Bazı şarkılar vardır insanı alır da götürür. Coşku ile mutluluk ile huzur ile dopdolu kılar. Ne sözlerini anlarsınız çoğu zaman ne de ne için kim için söylendiğini bilirsiniz ama bir anda sizin şarkınız olur çıkar. Çoğu kere insanı çok eskilere, eski güzel günlere, yıllar geçse bile unutulmayacak günlere götürür. Hani içinize bir anda hoş bir ürperti, bir heyecan dolar ya sanki tekrar o günleri yaşayacağınızı sanarak ve asla o günleri tekrar yaşayamayacağınızı anlarsınız ya şarkının bitiminde. İnsan beyni işte oyun içinde oyun. Bazen kurulan bir hayali gerçekmiş gibi algılayacak bir naiflik bazen hin oğlu hin bir algılayış yeteneği. Bazen de bazı şarkılar tanımlamanın yapılamadığı bir his uyandırır içinizde. Belleğinizdeki hiçbir hatıra ve hiç bir yaşanmışlıkla ve hatta tanımla bağ kurmaz. Belki yaşamadığınız, yaşadıysanız da kesinlikle hatırlamadığınız ama bir şekilde şarkı ile içinize doğan, varlığını hissettiren bir hayatı sunar sizlere. Ön belleğe değil ama duygularınıza hitap eder. Mesaj sanki direk genetik kodlarınıza gider. Yaşamadığınız bir hayatın yaşanmış gibi tüm duygusal yükünü içinizde usulca bırakır notalar yardımıyla sonrada açıklama yapma ihtiyacı bile duymadan usulca yine çekip gider hayatınızdan.

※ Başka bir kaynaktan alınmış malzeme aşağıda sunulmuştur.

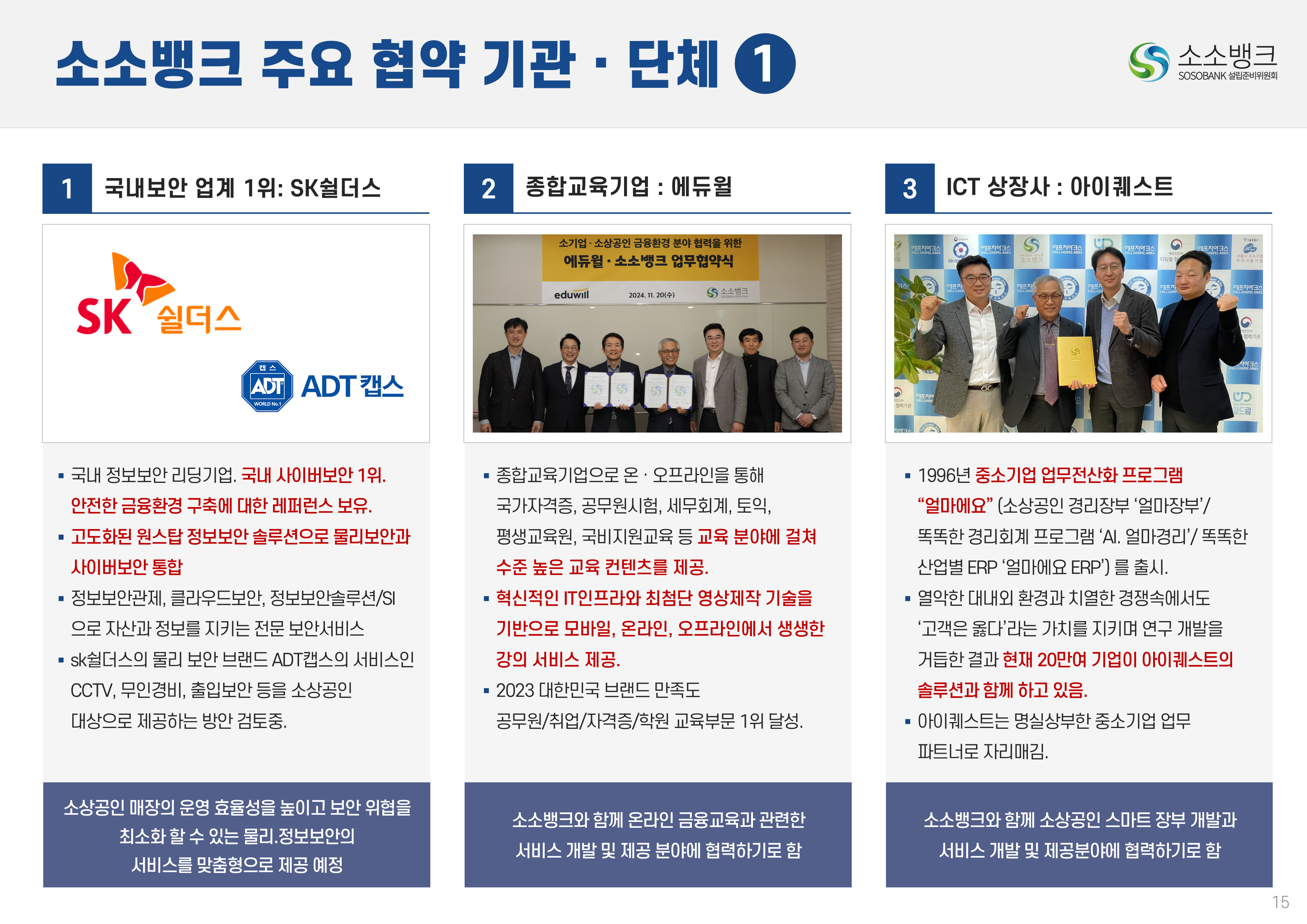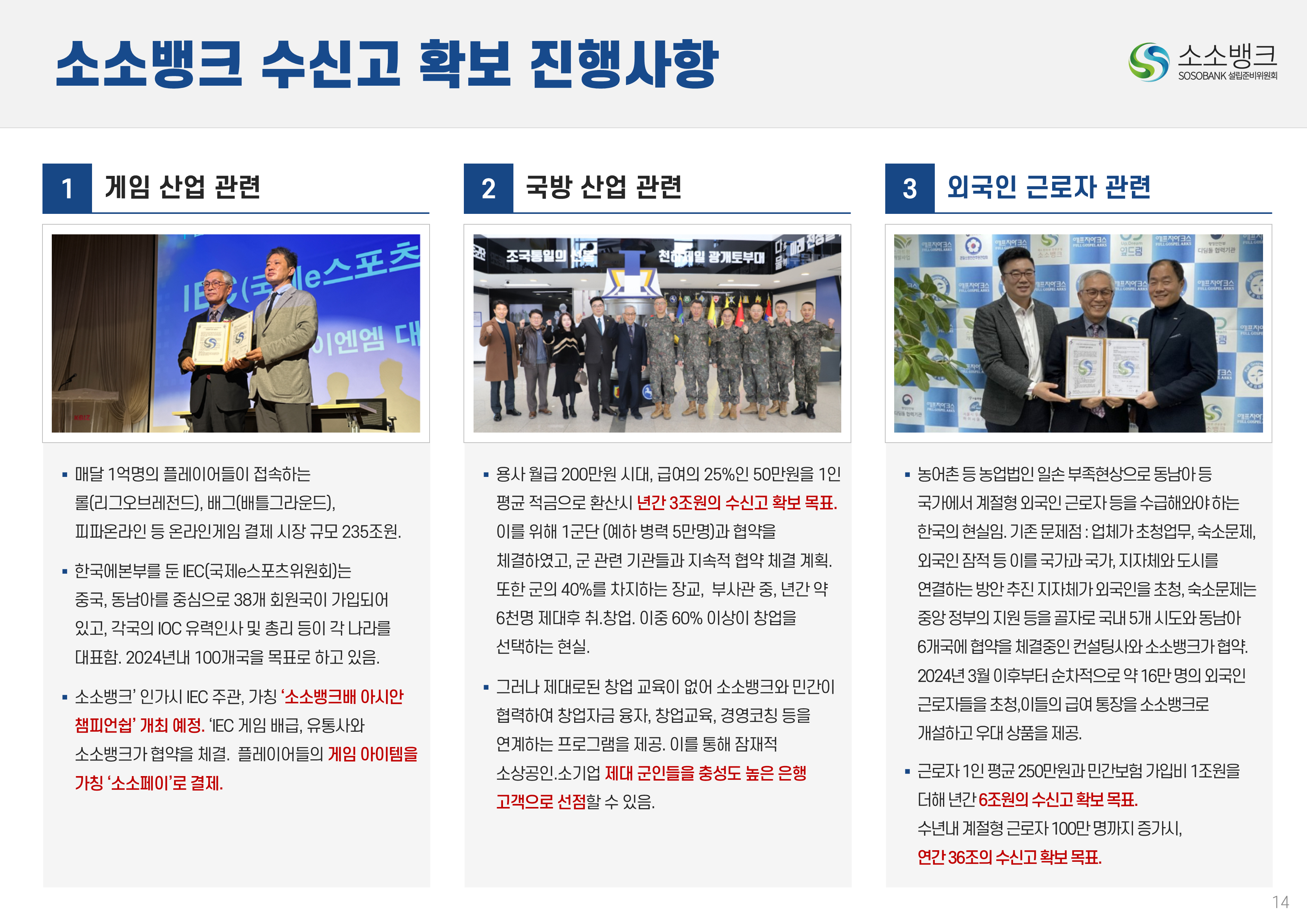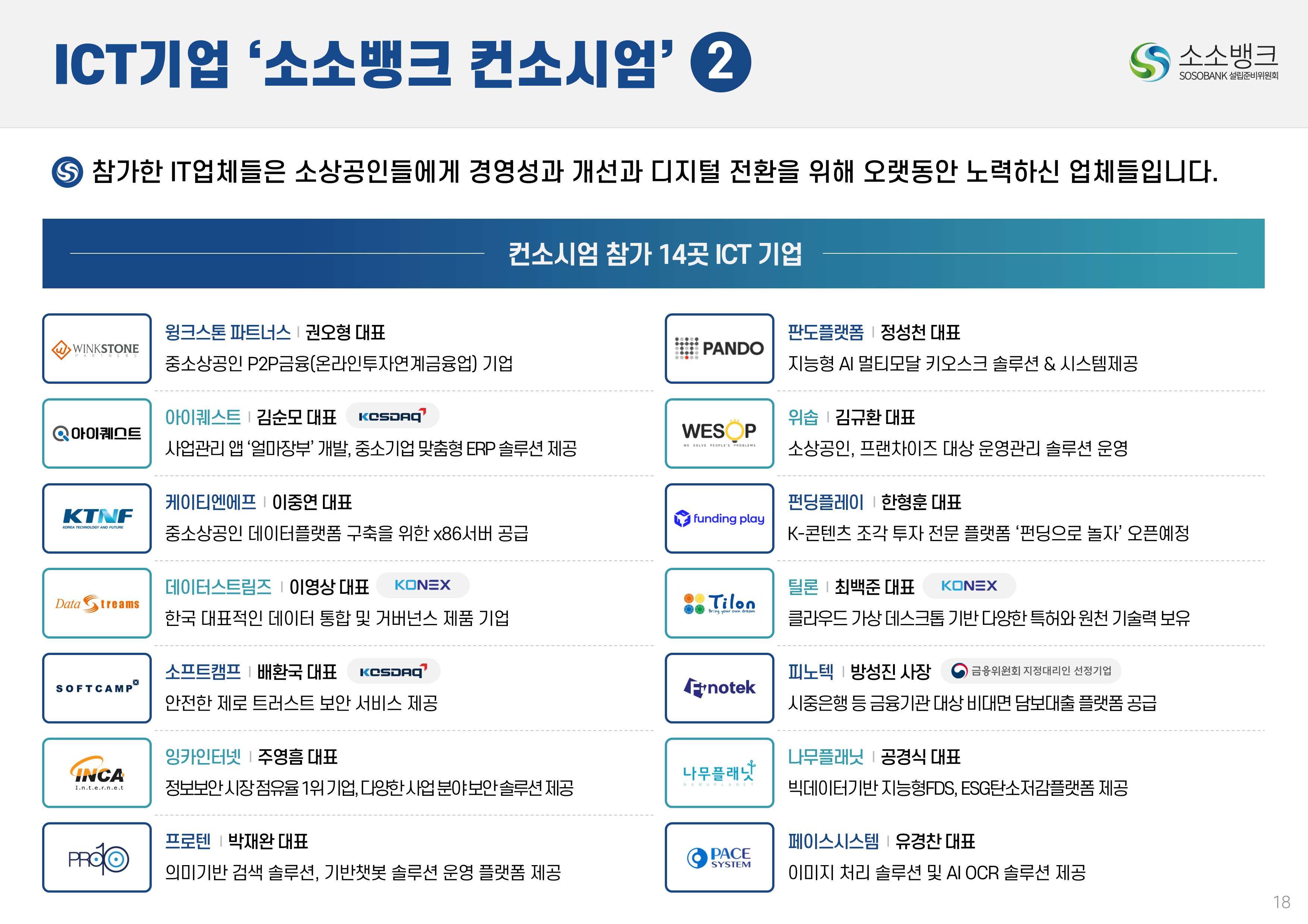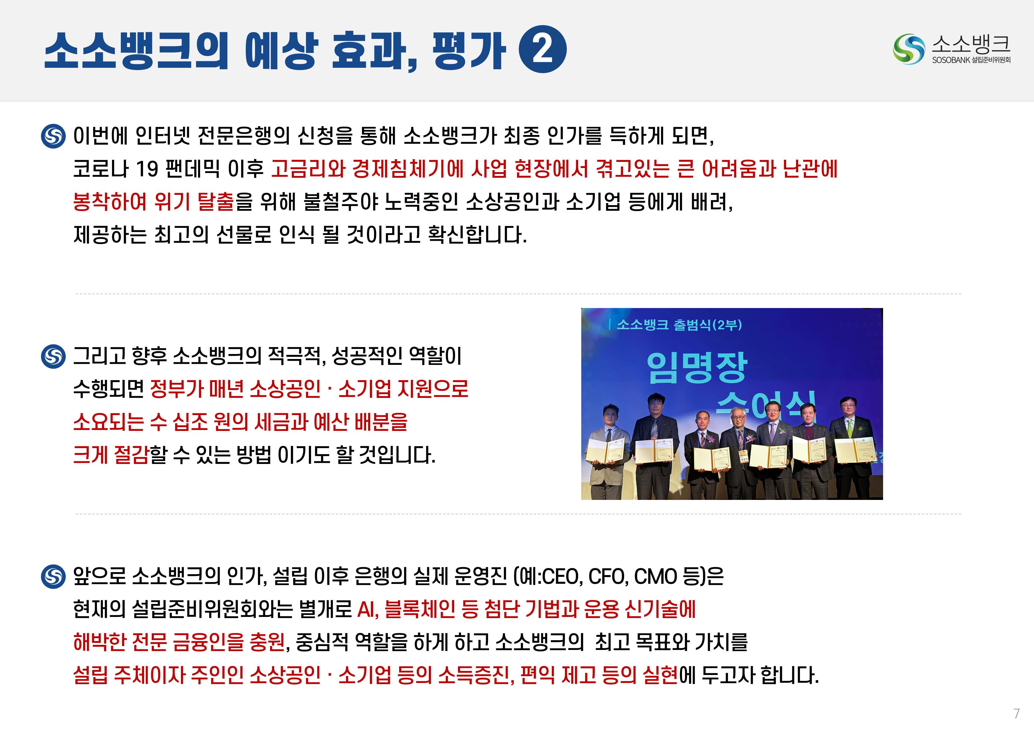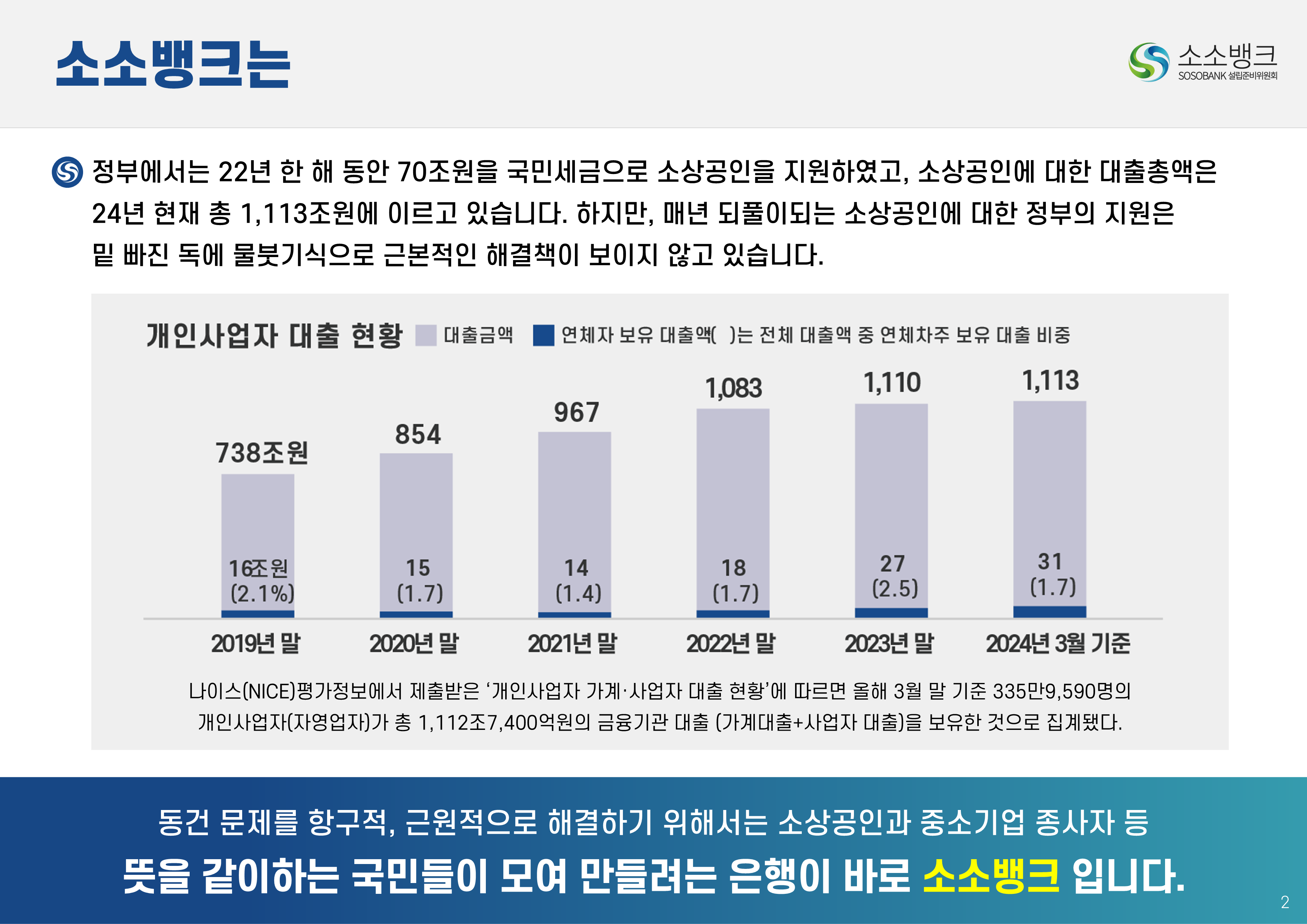 소소뱅크는 소상공인ㆍ소기업이 주인되는 인터넷 전문은행입니다. MOU 회원수 약 만명 MOU 회원수 약 만명 현재 자본금 납입의향 금액 합계 위 금액은 순수하게 소상공인ㆍ소기업에서만 받은 금액 합산입니다. 자본금 납입 의향서 접수 완료 되었습니다 보도자료 1코노미뉴스 2025-10-24 소소뱅크, 제4인뱅 불씨 살릴까...시중은행 접촉 등 재정비 박차 머니투데이 2025-10-20 이억원 "새로운 형태 은행 필요성 인정…시장상황 따라 검토" 시사저널e. 2025-09-29 금융당국 조직개편 백지화에···제4인터넷은행 재추진 기대감 뉴스웨이 2025-09-26 제4인뱅 재추진 소소뱅크,이테크시스템 수혈로 자본 경쟁력 강화 파이낸셜 2025-09-26 이테크시스템, '제4 인터넷전문은행 재추진'소소뱅크 컨소시엄에 대주주 운영사로 합류 지디넷코리아 2025-09-26 '구원투수' 이테크시스템 등판…소소뱅크,제4인뱅 탈락 9일 만에 재도전 MTN 뉴스 2025-09-19 제4 인터넷전문은행 불허…소소뱅크"멈추지 않고 다시 도전" 뉴스원 2025-09-18 소상공인계 "제4인뱅 예비인가 무산 유감…재추진해야" 뉴스원 2025-07-23 '소상공인 특화은행' 강조한 李…새 정권 찬스?'소소뱅크' 다시 뛴다 파이낸스투데이 2025-07-20 전국상인연합회–소소뱅크,소상공인 맞춤형 금융 위해 손잡다 연합뉴스 2025-07-01 소상공인연합회 "제4인뱅,소상공인 중심으로 설립돼야" 한국경제 2025-03-27 소소뱅크에 경남은행 합류…제4 인뱅'혼전'"안정적 자본 확보" 블로터 2025-03-27 제4인뱅 '4파전'…예비인가 결과는6월 발표"안정적 자본 확보" 스마트투데이 2024-10-15 소소뱅크 설립준비위,경기도상인연합회와 맞손 SBS Biz 2024-10-10 김병환 "인뱅 '신규 인가' 진행…공매도 시스템, 원활 구축" 한국경제 2024-09-13 "제4 인뱅 기준, 11월까지 마련" 뉴스원 2024-07-22 김병환 금융위원장 ‘하반기 중제4인터넷은행 선정 절차 진행’ 시사오늘 2024-09-06 “인뱅도 은행”…전통금융 참여없는소소뱅크 제4인뱅 경쟁력 있을까 파이낸셜 2024-07-19 ‘김한길 금융통합위원장 소상공인 지원’제4인터넷은행 설립 제안 매일경제 2024-06-27 NH 농협은행 '소소뱅크에지분 투자 방식 참여 가능성 높다.' SBS Biz 2024-05-13 국민통합위, 尹에 소상공인 인터넷 은행·폐교부지기숙사 설립 제안 노컷뉴스 2024-04-03 소소뱅크 컨소시엄,ICT 기업11개사 참여 확정 한국금융 2024-03-04 소소뱅크, 소상공인 대출 최대 400조 흡수 목표 아시아타임즈 2024-02-24 [아하인터뷰] "소상공인‧소기업이주인인 은행될 것 " MOU 협약단체들 ㆍ소상공인연합회ㆍ전국 상인연합회ㆍ강원도 소상공인연합회ㆍ경상남도 소상공인연합회ㆍ경상북도 소상공인연합회ㆍ충청남도 소상공인연합회ㆍ부산광역시 소상공인연합회ㆍ대구광역시 소상공인연합회ㆍ전라남도 소상공인연합회ㆍ충청북도 소상공인연합회ㆍ전라북도 소상공인연합회ㆍ제주특별자치도 소상공인연합회ㆍ경기도 소상공인연합회ㆍ서울시 소기업소상공인연합회ㆍ경기도 소기업소상공인연합회 ㆍ한국소공인협회ㆍ자영업소상공인중앙회ㆍ세계한인여성회장협의회ㆍ한국장애인단체총연합회ㆍ한국지체장애인협회ㆍ퍼시픽코리아ㆍ전국패션소상공인연합회ㆍ울산 현대기아차 협력사협의회ㆍ신원리조트ㆍ대한미용사회 전남동부지회ㆍ직능단체연합ㆍ재난극복범국민협의회ㆍ한국여성문화생활회ㆍCBS M&C ㆍ서울경제연합ㆍ대한민국여경재향경우회ㆍ사회적협동조합연합회 중앙회ㆍ청년창업가협회ㆍ한국불교 태고종 신도회ㆍ한국스마트휴먼테크협회ㆍ전국직장인다문화축구협회ㆍ한국중소벤처디지털혁신협회ㆍ전국동포총연합회ㆍ한국경영기술지도사회ㆍ천하제일 광개토부대 육군 제1군단ㆍ한국원가관리협회ㆍ한국종합경제 연구원 소소뱅크는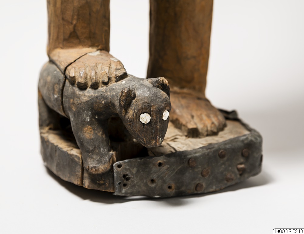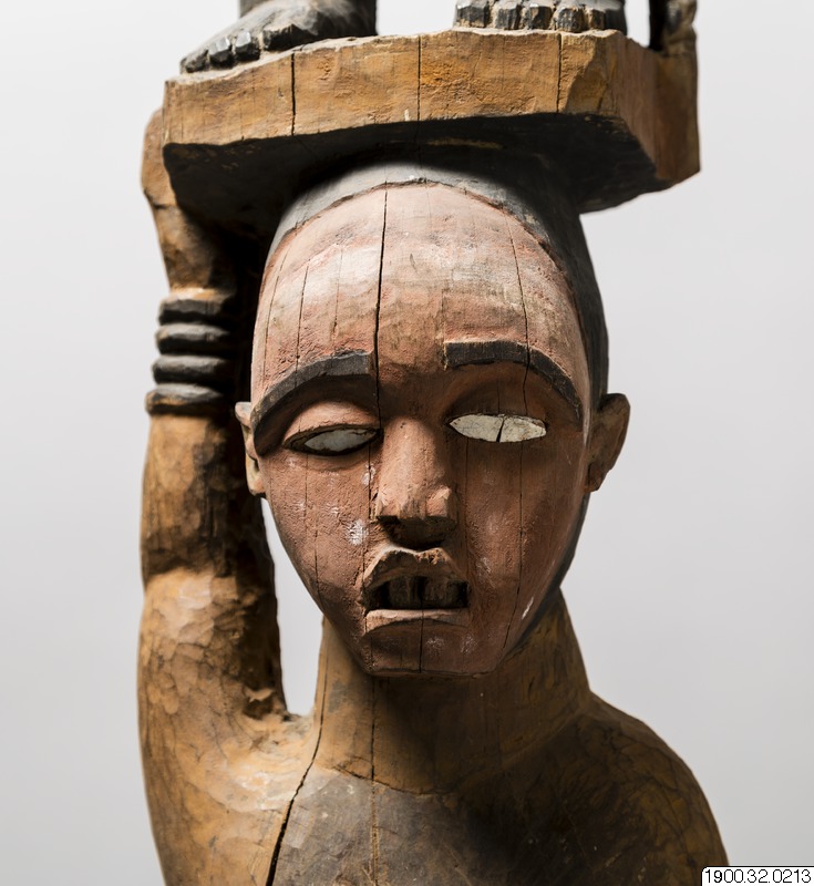 Men mycket med den här skulpturen kan jag bara spekulera kring. Håller mannen en elefantbete i handen, som symbol för en av Afrikas viktigaste handelsvaror vid tiden, eller är det en munkwisa-rot som ofta fick symbolisera hövdingars rätt att råda och döma? Andra delar av symbolspråket talar för att skulpturen har något med sällskapet Lemba att göra. I så fall är den verkligen unik. Lemba var ett politiskt och ekonomiskt nätverk och ett sällskap med starka andliga och helande inslag. Under flera hundra år av politisk och social oro i regionen, främst orsakad av den transatlantiska slavhandeln, var Lemba ett viktigt samhällskitt och en rituell praktik som även följde med de afrikanska slavarna till den nya världen och existerar där än idag, till exempel i Brasilien (Candomblé Angola) och Haiti (Voudou Petro). Men inga skulpturer av denna storlek förknippade med Lemba verkar ha hamnat i några museisamlingar, så är detta bara intendentens önsketänkande? Varför bär den avbildade mannen europeiska polisonger? Och vem är donatorn? Är det någon av de brutala soldaterna Pagels, Möller eller Gleerup, som deltog i Kung Leopold II:s erövring och skövling av Kongo? Eller handelsmannen Theorin som verkade på den lilla ön Elobey utanför Ekvatorialguineas kust som föreståndare på ett engelskt faktori?"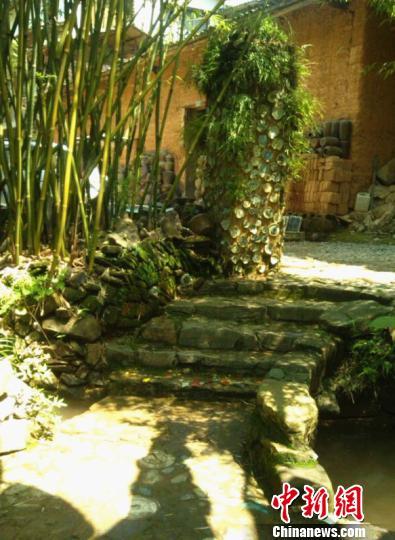 图为景德镇三宝陶艺村院内一角,青石板路上,间或有陶瓷碎片组成的图案镶嵌其中。 范文娟 摄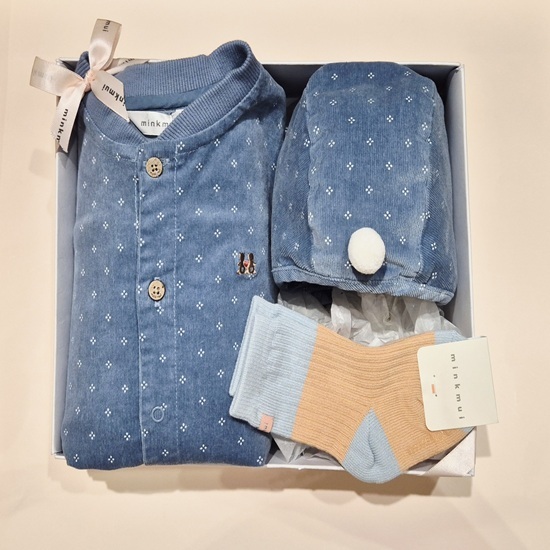 스판사가 함유된 코듀로이 원단으로 사용된 우주복과 모자SET,양말 아이템 입니다.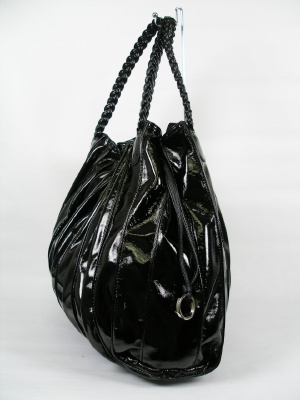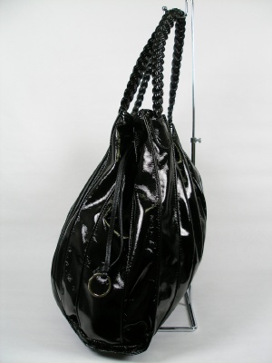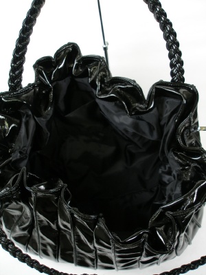 両サイドのリング付きの紐を絞ると写真のように上がクシャッとなり、広げれば大きく開くのでとても使いやすいバッグです。

Tekrar en başa dönecek olursak akıllara ziyan bir trafik, sürekli bir koşuşturma, bir yere yetişme çabası, yorucu ve stresli bir hayat, aynı şehirde olmanıza rağmen göremediğiniz arkadaşlar, sona eren dostluklar, bitmeye yüz tutmuş aile değerleri, pahalılık, hayat kaliteleri arasındaki uçurumlar, üzerinize üzerinize gelen boğucu kalabalıklık, cin olmadan adam çarpmaya kalkan zeka yoksunları, sonradan görme ne oldum delileri, insanların kabalıkları, estetik ve terbiye yoksunu çoğunluk halkı artık içinde barındırdığı tüm güzelliklere rağmen bu şarkıları hak etmiyor.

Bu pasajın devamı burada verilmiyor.